## Entries shown
● ● ● ● ●

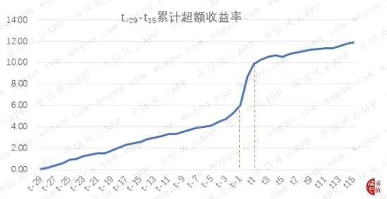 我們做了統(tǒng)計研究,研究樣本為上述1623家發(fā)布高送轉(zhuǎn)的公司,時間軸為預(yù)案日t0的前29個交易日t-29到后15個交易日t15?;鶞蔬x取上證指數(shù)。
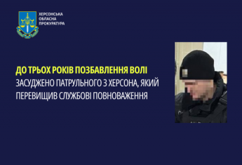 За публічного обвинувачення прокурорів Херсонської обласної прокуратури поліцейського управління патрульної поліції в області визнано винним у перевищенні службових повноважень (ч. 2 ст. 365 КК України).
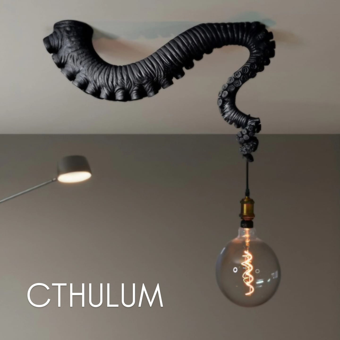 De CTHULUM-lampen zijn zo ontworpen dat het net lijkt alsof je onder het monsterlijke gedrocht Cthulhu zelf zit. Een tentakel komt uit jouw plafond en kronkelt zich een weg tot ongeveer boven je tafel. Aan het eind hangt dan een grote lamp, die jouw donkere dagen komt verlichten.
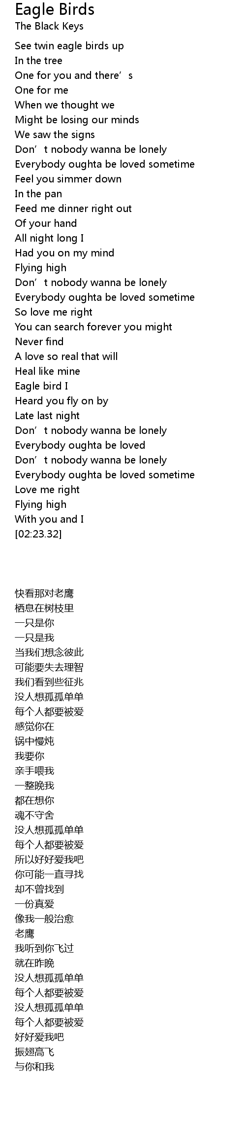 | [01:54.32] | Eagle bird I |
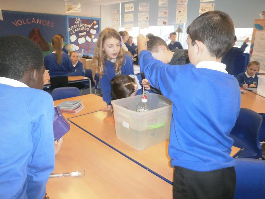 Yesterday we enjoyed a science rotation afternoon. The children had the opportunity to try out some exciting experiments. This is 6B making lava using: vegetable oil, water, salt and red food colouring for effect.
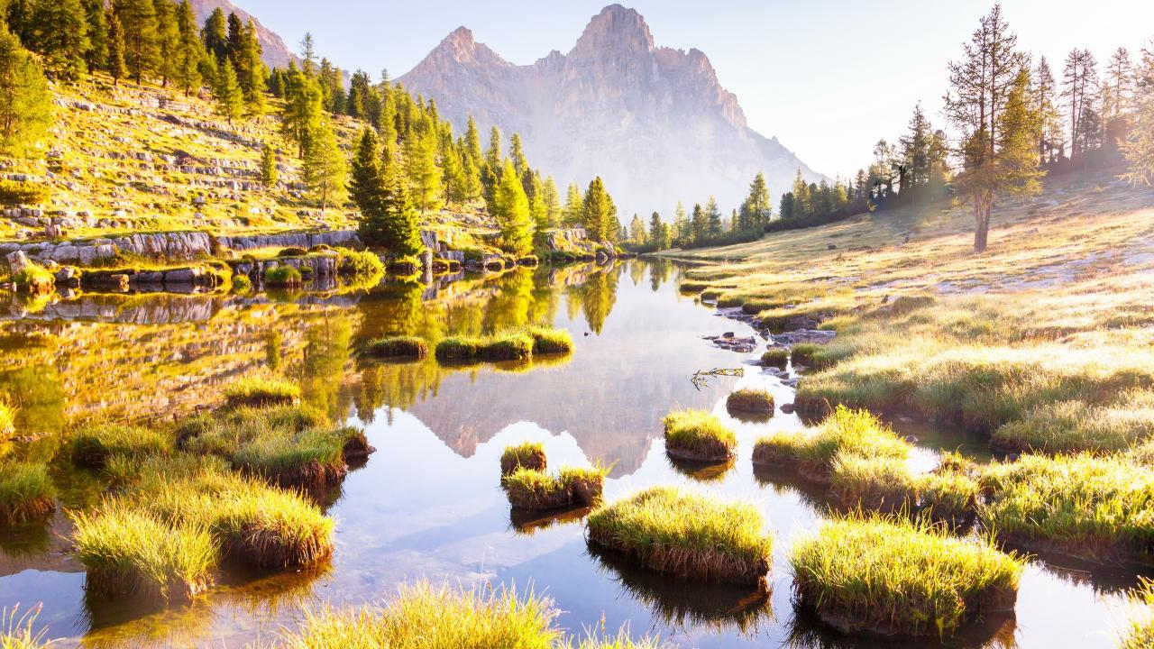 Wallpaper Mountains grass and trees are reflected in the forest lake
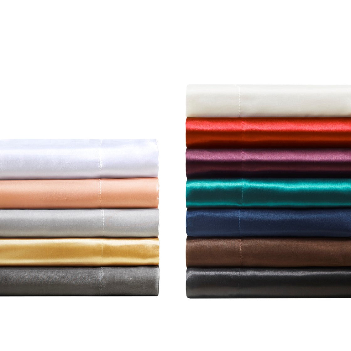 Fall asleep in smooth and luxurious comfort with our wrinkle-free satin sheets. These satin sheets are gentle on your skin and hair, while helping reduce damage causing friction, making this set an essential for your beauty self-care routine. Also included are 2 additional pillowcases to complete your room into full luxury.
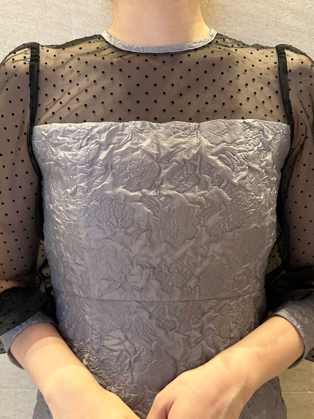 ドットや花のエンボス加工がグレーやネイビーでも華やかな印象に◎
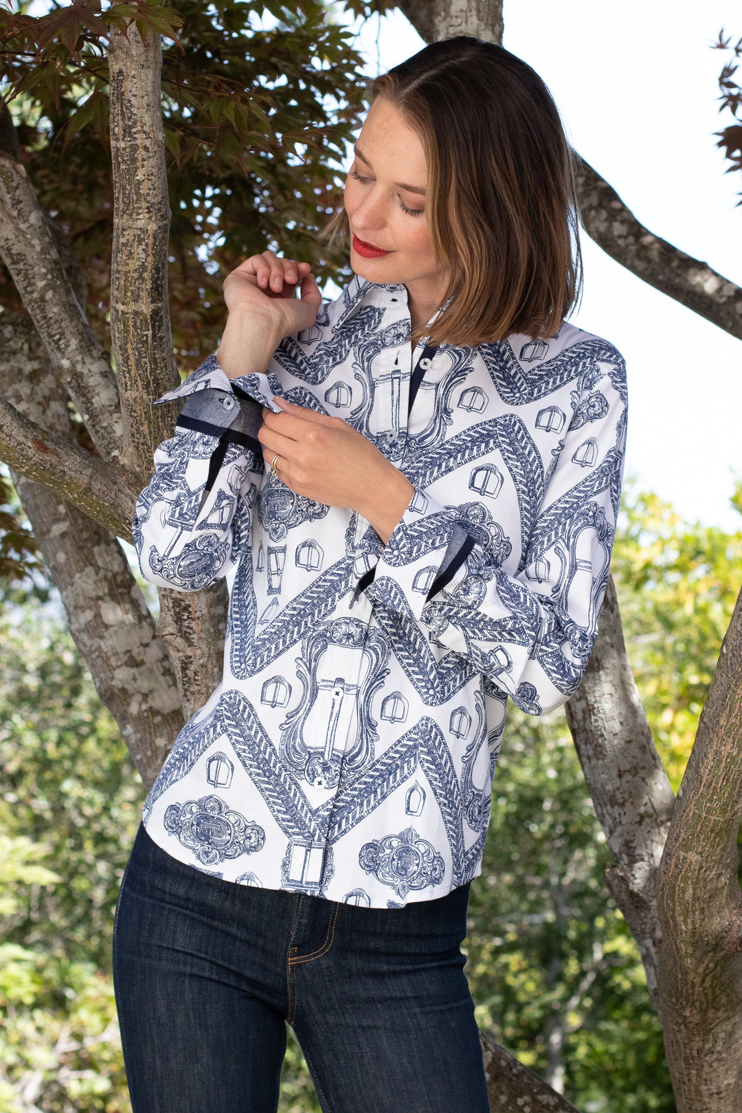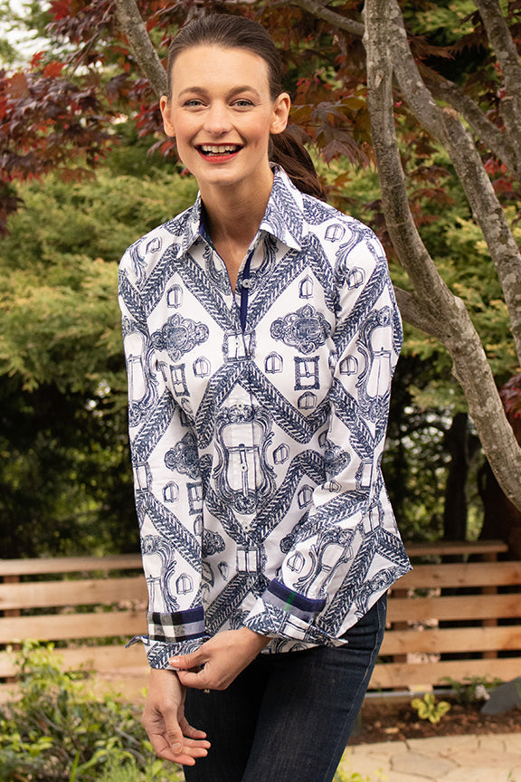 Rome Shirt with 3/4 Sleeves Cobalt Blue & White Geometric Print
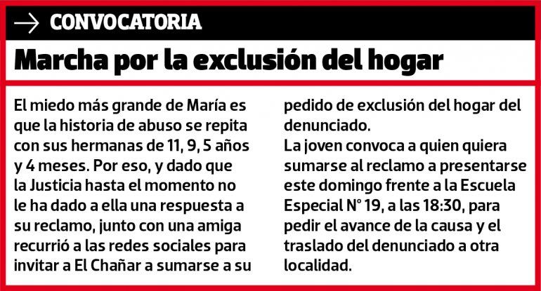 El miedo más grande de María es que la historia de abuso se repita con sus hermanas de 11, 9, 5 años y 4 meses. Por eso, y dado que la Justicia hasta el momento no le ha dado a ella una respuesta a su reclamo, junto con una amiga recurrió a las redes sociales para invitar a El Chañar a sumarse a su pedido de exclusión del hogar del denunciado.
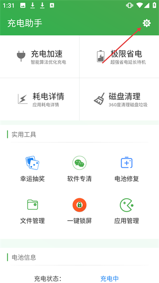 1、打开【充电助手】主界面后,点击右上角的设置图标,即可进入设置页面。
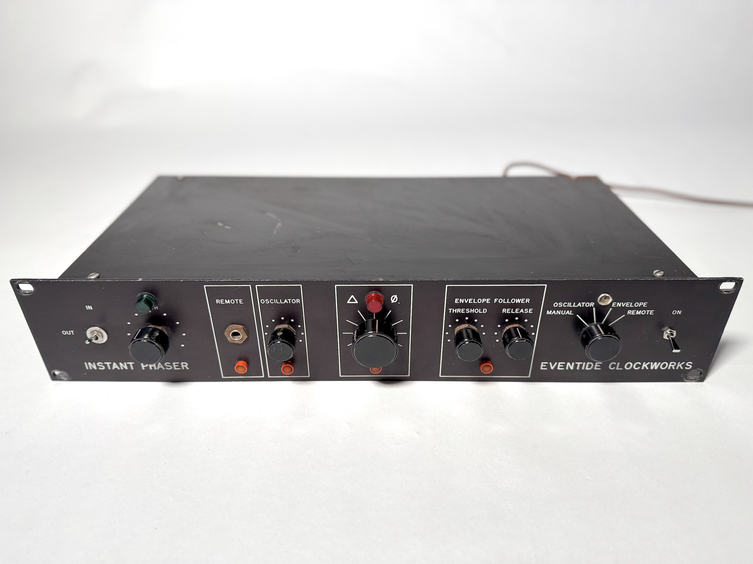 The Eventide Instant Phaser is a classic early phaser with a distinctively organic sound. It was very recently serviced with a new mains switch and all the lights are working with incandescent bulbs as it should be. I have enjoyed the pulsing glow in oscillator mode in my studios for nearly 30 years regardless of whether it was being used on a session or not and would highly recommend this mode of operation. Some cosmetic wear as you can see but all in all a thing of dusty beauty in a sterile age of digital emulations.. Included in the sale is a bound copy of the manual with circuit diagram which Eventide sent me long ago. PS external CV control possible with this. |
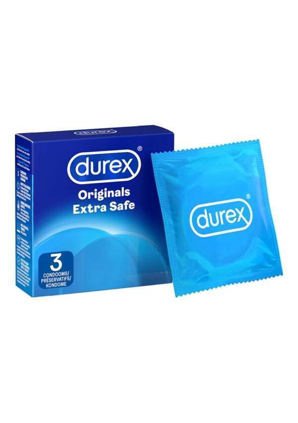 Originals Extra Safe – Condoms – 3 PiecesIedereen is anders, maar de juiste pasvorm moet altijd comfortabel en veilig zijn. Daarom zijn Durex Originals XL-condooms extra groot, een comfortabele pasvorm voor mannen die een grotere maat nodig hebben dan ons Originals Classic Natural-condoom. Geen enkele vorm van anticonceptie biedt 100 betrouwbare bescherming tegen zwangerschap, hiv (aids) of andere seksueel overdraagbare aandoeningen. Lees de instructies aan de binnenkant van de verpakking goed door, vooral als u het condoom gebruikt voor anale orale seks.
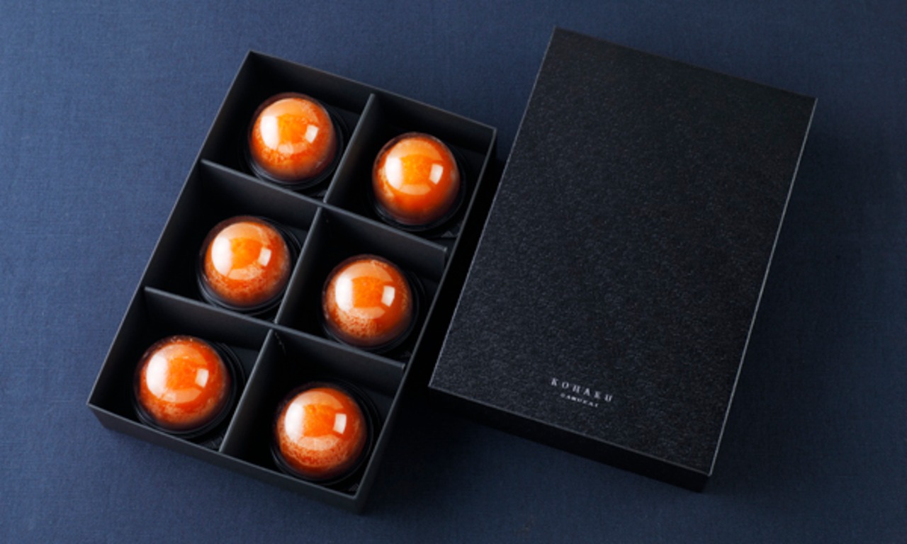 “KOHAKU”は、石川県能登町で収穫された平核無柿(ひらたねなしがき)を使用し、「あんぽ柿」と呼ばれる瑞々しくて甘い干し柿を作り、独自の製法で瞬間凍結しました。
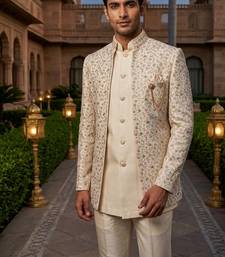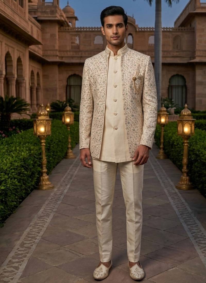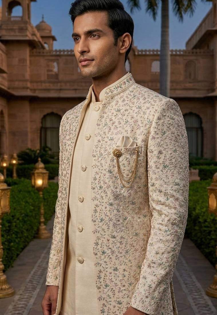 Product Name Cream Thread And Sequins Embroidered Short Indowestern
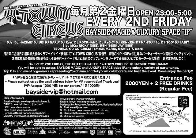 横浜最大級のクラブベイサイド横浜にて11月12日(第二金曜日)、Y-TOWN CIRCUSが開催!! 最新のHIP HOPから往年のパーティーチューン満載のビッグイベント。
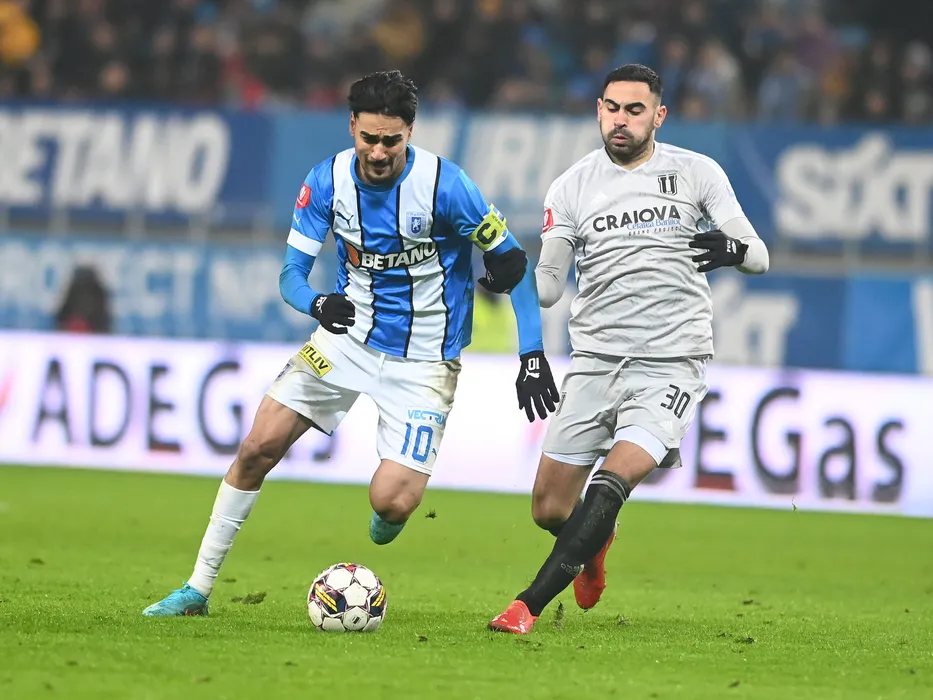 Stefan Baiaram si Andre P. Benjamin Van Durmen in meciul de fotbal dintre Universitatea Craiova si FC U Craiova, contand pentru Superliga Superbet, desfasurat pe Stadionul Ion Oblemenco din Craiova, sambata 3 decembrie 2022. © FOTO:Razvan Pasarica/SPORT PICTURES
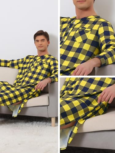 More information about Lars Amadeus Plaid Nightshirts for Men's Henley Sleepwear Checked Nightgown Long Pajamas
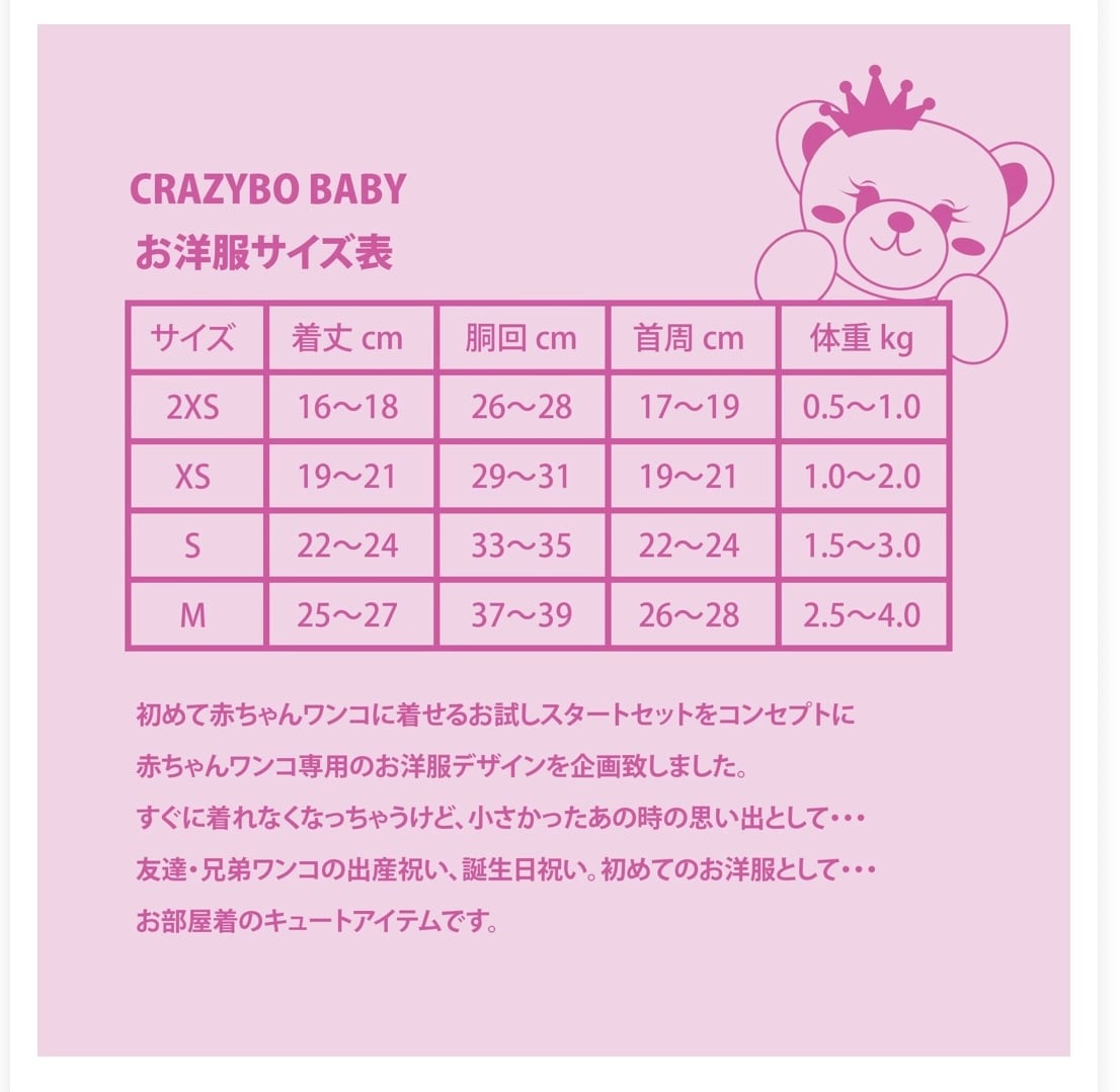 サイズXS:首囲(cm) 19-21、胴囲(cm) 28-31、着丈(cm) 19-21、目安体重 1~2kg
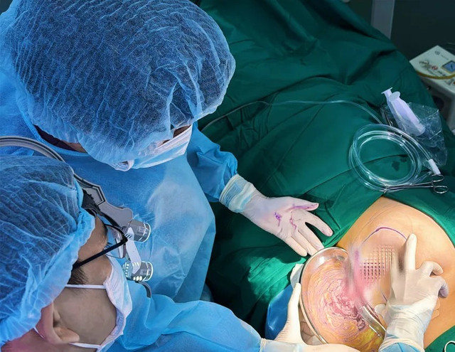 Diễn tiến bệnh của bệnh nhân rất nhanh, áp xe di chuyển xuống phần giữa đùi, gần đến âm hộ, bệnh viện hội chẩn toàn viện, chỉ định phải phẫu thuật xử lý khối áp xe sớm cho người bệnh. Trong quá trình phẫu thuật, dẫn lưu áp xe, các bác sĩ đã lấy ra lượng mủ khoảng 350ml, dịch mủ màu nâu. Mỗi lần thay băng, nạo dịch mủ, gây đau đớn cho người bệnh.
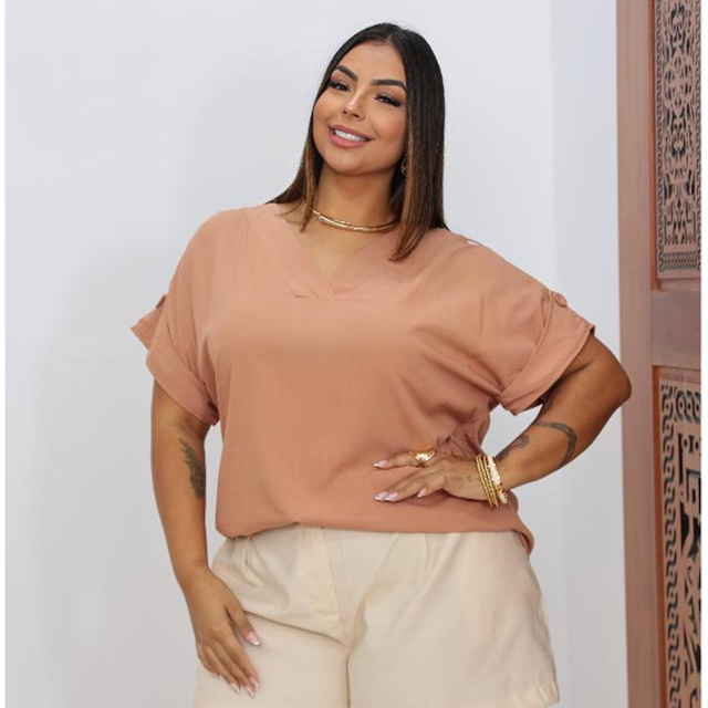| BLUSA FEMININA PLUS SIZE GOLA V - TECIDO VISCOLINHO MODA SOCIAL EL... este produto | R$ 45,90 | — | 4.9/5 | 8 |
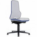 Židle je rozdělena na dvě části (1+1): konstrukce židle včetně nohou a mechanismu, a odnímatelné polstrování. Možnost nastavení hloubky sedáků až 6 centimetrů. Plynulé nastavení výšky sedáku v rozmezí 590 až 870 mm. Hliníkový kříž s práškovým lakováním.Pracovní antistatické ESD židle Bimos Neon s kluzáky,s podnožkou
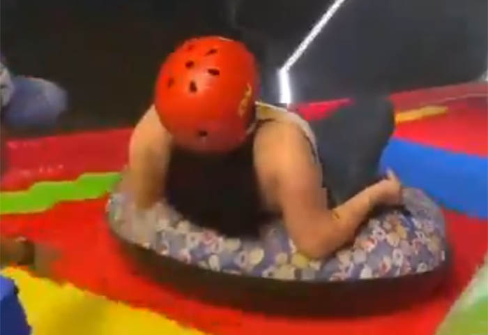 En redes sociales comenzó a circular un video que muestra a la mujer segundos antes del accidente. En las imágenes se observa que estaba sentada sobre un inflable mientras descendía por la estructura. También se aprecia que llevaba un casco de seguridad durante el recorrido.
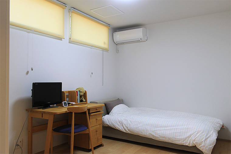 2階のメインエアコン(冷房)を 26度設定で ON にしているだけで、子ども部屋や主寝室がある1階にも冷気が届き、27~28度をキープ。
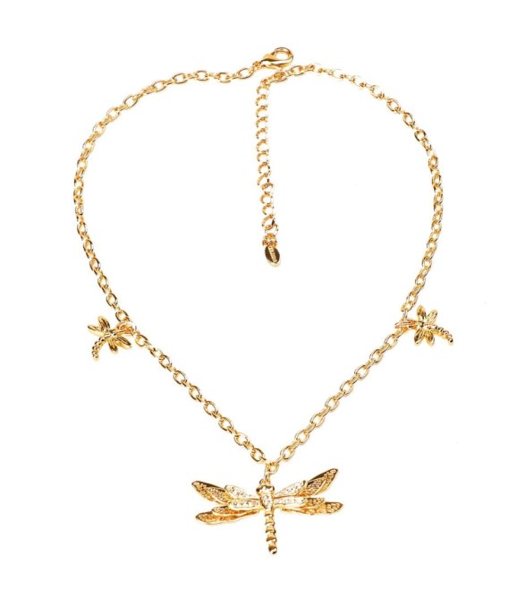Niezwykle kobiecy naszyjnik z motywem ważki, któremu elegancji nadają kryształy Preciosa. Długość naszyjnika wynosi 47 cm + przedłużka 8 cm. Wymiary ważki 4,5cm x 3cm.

● ● ● ● ●

Begin at the first line of the records and please reproduce every line exactly through the one containing "Yesterday we enjoyed", leaving all pictures out.

 我們做了統(tǒng)計研究,研究樣本為上述1623家發(fā)布高送轉(zhuǎn)的公司,時間軸為預(yù)案日t0的前29個交易日t-29到后15個交易日t15?;鶞蔬x取上證指數(shù)。
 За публічного обвинувачення прокурорів Херсонської обласної прокуратури поліцейського управління патрульної поліції в області визнано винним у перевищенні службових повноважень (ч. 2 ст. 365 КК України).
 De CTHULUM-lampen zijn zo ontworpen dat het net lijkt alsof je onder het monsterlijke gedrocht Cthulhu zelf zit. Een tentakel komt uit jouw plafond en kronkelt zich een weg tot ongeveer boven je tafel. Aan het eind hangt dan een grote lamp, die jouw donkere dagen komt verlichten.
 | [01:54.32] | Eagle bird I |
 Yesterday we enjoyed a science rotation afternoon. The children had the opportunity to try out some exciting experiments. This is 6B making lava using: vegetable oil, water, salt and red food colouring for effect.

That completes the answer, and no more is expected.